The Dollar and Yen Could Weaken Again
The atmosphere in the market improved ahead of the weekly close, with the dollar falling against most of its major counterparts. The best performer was the pound, while the poorest performer was the yen. After issuing yet another state of emergency for Tokyo over the weekend, Japan’s top government spokesperson said the country is ready to pour more money into the economy to cushion the pain of a prolonged pandemic.

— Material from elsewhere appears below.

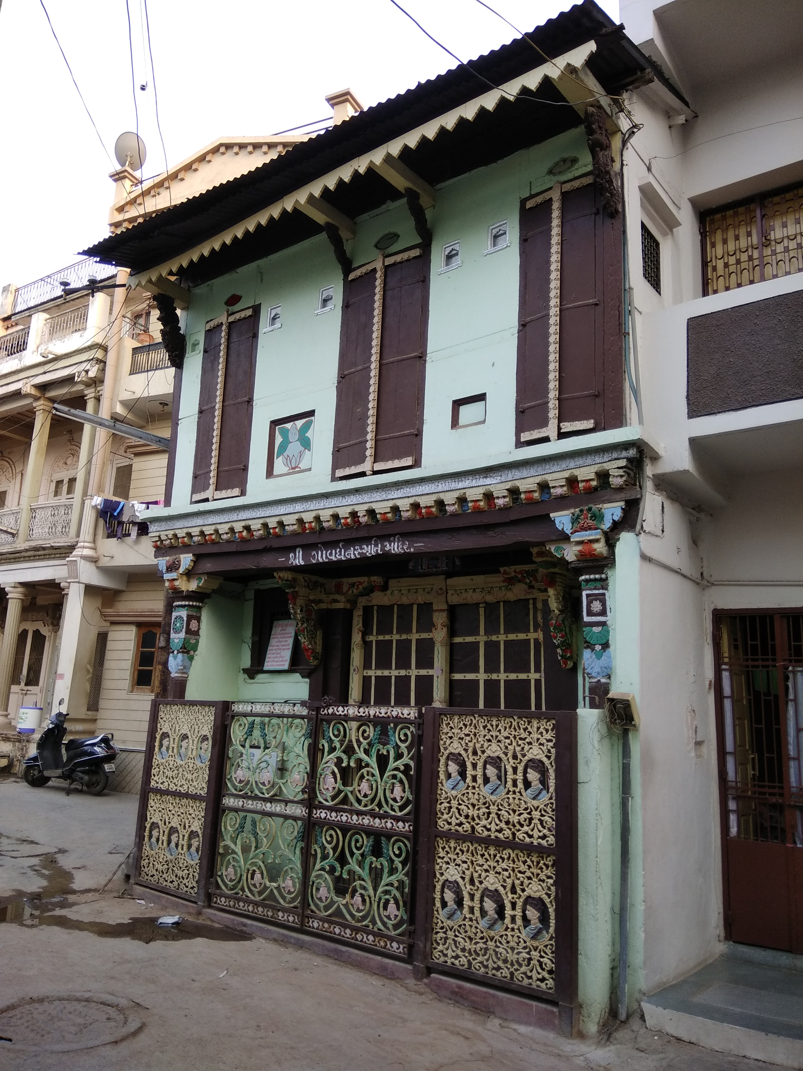 The birth place of Gujarati writer Govardhanram Tripathi in Nadiad (Gujarat, India). The place in now known as Govardhanram Smriti Mandir.

Last week, market bears had several opportunities to test a negative turnaround, riding on topics such as the Federal Reserve’s tapering, the spread of Delta variations, and China’s crackdown on its technology firms, as well as overseas IPOs. Despite the volatility, the optimists refused to give up and propelled US indexes to new record closes. The tussle should be over in no time.
But, for the time being, it appears that the bulls have the upper hand. This leads many to the observation that, while the Yen and Swiss Franc closed the day as the strongest, the late selloff suggests that the short-term trends are already turning.